REQUIRED WORK → Would you return, word for word, the lines of the data below from the line with "The Forét Mace Shirt" through the line with "年末家装季丨AI家居致新收房业主的一封信", and no others?

INPUT DATA →
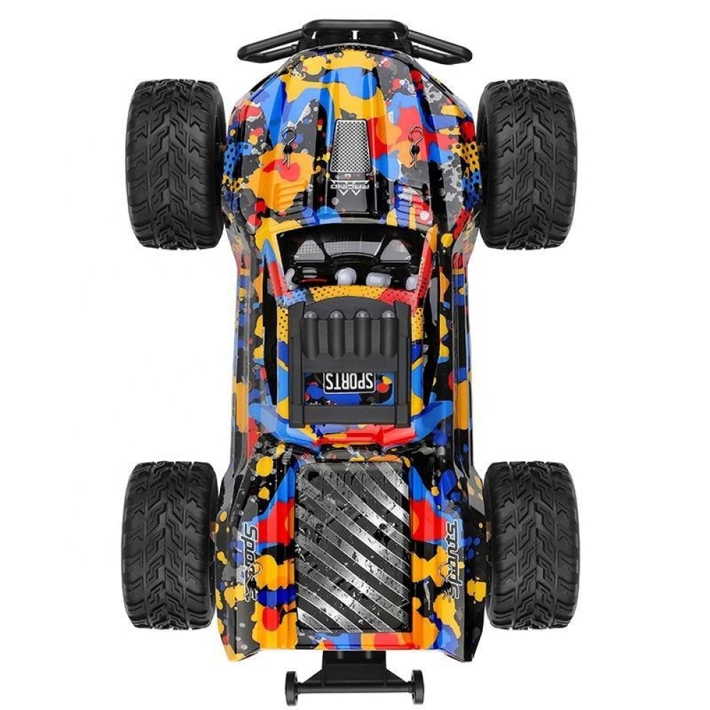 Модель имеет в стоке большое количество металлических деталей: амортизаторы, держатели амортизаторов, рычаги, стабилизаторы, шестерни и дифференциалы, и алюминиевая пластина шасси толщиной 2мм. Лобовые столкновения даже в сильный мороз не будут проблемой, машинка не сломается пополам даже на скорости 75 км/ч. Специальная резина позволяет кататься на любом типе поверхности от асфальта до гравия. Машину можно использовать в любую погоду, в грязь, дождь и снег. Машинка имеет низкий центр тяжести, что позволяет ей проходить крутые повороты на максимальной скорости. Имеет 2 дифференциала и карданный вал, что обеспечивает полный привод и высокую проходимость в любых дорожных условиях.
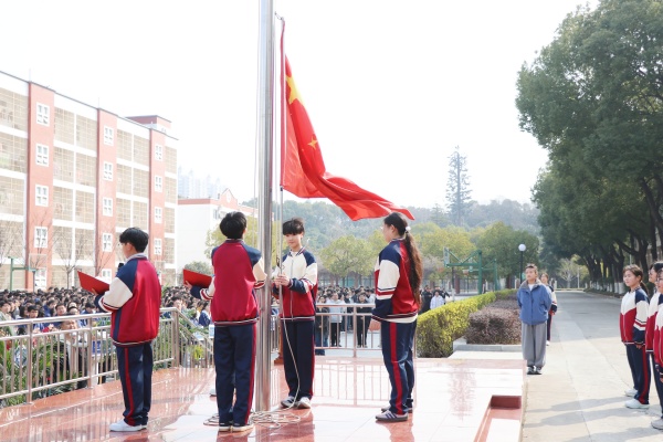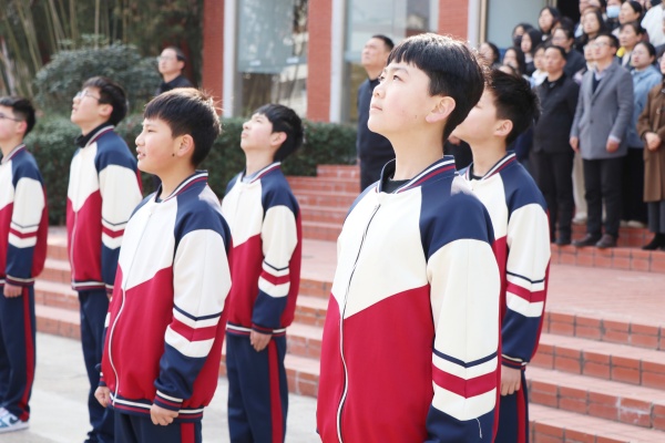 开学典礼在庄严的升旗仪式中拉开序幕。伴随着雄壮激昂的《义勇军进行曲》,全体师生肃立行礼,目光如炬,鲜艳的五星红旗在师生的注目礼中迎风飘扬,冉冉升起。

==

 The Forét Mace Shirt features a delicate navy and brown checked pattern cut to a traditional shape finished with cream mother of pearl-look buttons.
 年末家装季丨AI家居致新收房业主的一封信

==

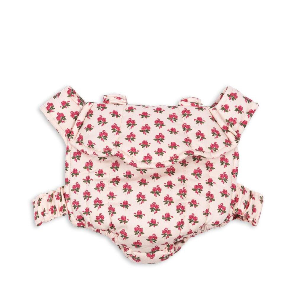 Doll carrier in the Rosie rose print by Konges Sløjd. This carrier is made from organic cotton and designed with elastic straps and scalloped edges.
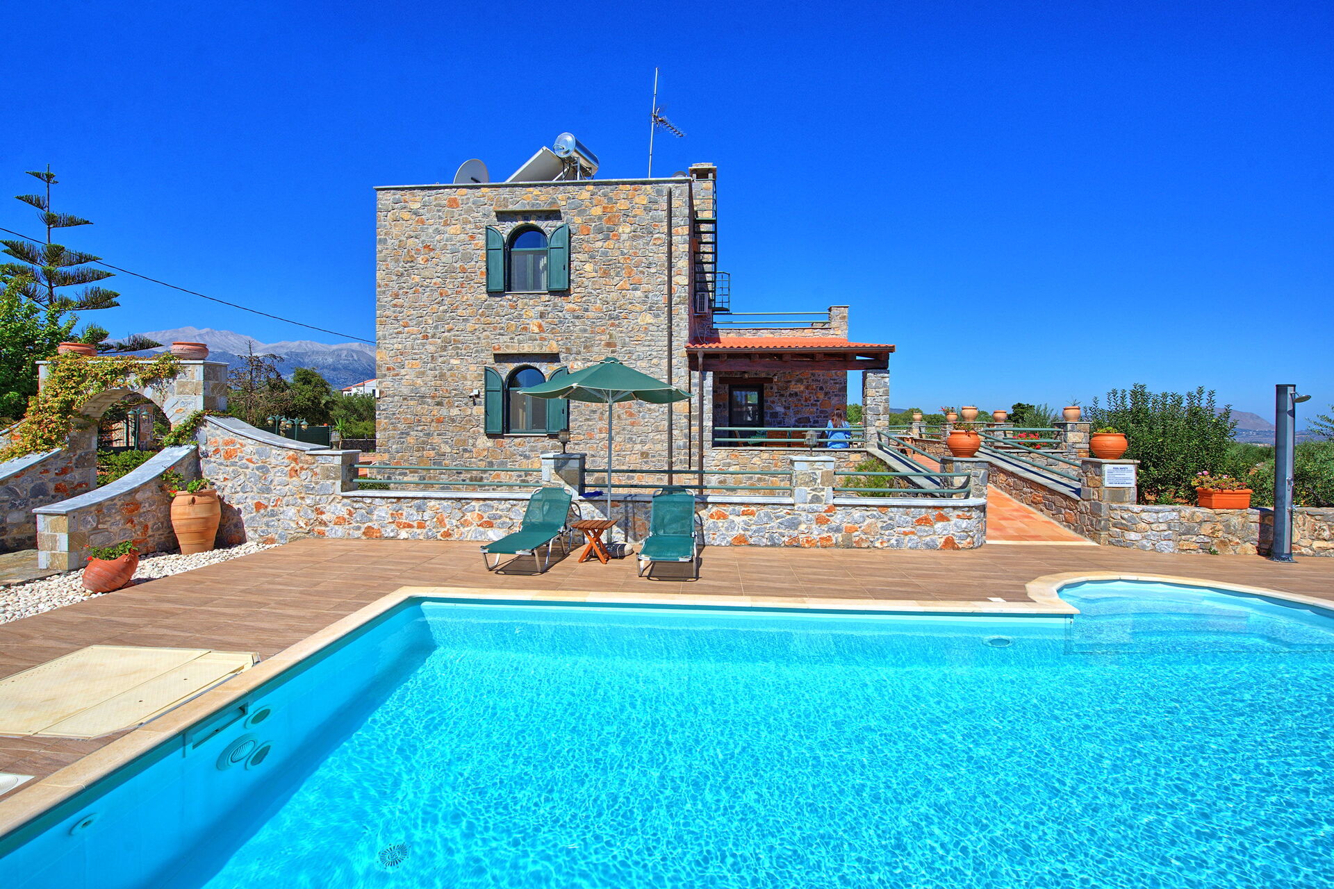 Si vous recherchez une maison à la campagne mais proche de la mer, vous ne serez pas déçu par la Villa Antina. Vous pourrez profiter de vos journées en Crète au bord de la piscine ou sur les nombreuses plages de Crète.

RESPONSE AREA →
 The Forét Mace Shirt features a delicate navy and brown checked pattern cut to a traditional shape finished with cream mother of pearl-look buttons.
 年末家装季丨AI家居致新收房业主的一封信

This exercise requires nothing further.